[Work to complete]
Set out exactly every line of the entries below, starting at the line that holds "Portrait of a" and stopping after the line that holds "СТильное платье-туника выполнено".

[Input records]
* * *

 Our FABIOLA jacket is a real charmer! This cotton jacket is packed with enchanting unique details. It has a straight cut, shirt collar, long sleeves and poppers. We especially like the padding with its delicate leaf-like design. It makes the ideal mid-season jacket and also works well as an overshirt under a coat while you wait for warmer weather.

* * *

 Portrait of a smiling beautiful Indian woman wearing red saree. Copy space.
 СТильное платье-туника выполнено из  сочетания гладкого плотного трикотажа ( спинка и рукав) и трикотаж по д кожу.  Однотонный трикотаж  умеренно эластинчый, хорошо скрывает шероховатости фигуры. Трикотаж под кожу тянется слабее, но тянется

* * *

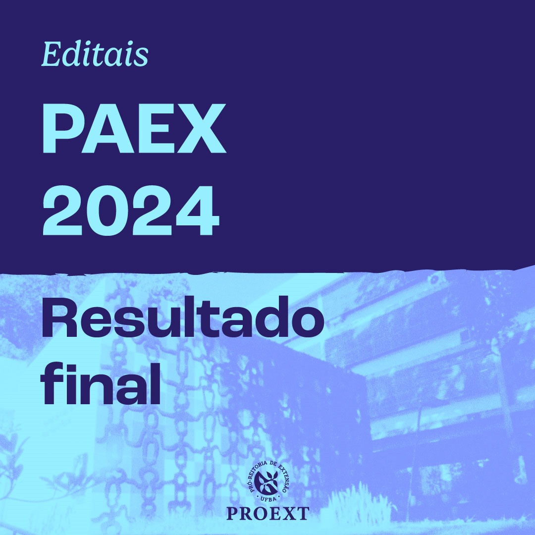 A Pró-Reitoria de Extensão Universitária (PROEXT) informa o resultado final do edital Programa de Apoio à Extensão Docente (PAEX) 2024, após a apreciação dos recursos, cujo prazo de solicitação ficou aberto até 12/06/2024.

* * *

[Answer to this problem]
 Portrait of a smiling beautiful Indian woman wearing red saree. Copy space.
 СТильное платье-туника выполнено из  сочетания гладкого плотного трикотажа ( спинка и рукав) и трикотаж по д кожу.  Однотонный трикотаж  умеренно эластинчый, хорошо скрывает шероховатости фигуры. Трикотаж под кожу тянется слабее, но тянется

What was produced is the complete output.